EternaBrain: Automated RNA design through move sets and strategies from an Internet-scale RNA videogame

Affiliations

EternaBrain: Automated RNA design through move sets and strategies from an Internet-scale RNA videogame

Rohan V Koodli et al. PLoS Comput Biol. .

Abstract

Emerging RNA-based approaches to disease detection and gene therapy require RNA sequences that fold into specific base-pairing patterns, but computational algorithms generally remain inadequate for these secondary structure design tasks. The Eterna project has crowdsourced RNA design to human video game players in the form of puzzles that reach extraordinary difficulty. Here, we demonstrate that Eterna participants' moves and strategies can be leveraged to improve automated computational RNA design.
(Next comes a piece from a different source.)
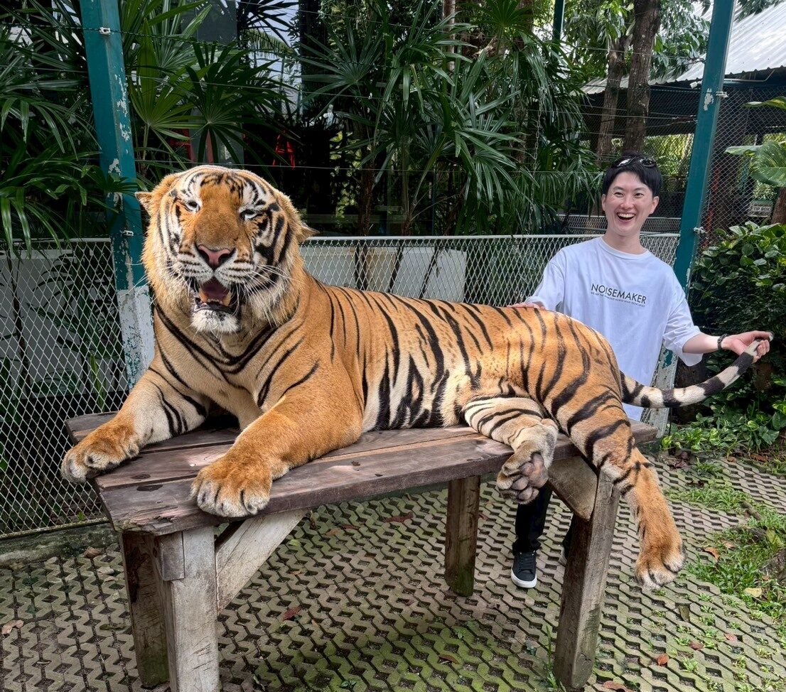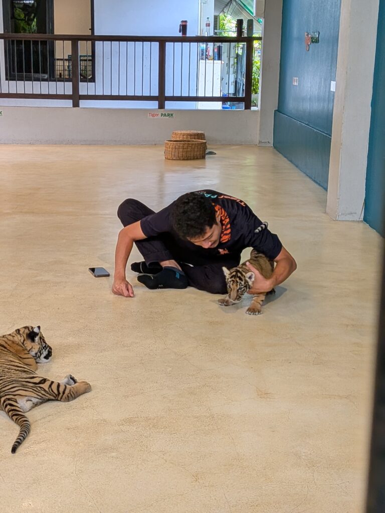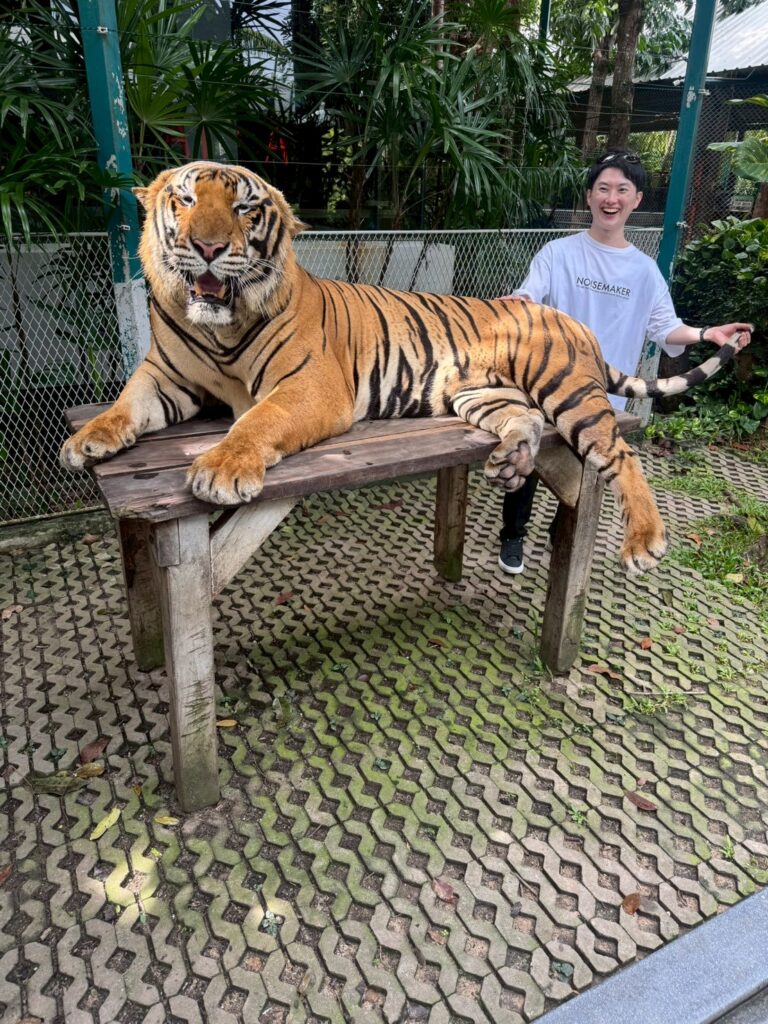一人旅ではなかなか行きづらい、タイガーパークという虎と触れ合える施設に行きました。

We present an eternamoves-large repository consisting of 1.8 million of player moves on 12 of the most-played Eterna puzzles as well as an eternamoves-select repository of 30,477 moves from the top 72 players on a select set of more advanced puzzles. On eternamoves-select, we present a multilayer convolutional neural network (CNN) EternaBrain that achieves test accuracies of 51% and 34% in base prediction and location prediction, respectively, suggesting that top players' moves are partially stereotyped. Pipelining this CNN's move predictions with single-action-playout (SAP) of six strategies compiled by human players solves 61 out of 100 independent puzzles in the Eterna100 benchmark. EternaBrain-SAP outperforms previously published RNA design algorithms and achieves similar or better performance than a newer generation of deep learning methods, while being largely orthogonal to these other methods. Our study provides useful lessons for future efforts to achieve human-competitive performance with automated RNA design algorithms.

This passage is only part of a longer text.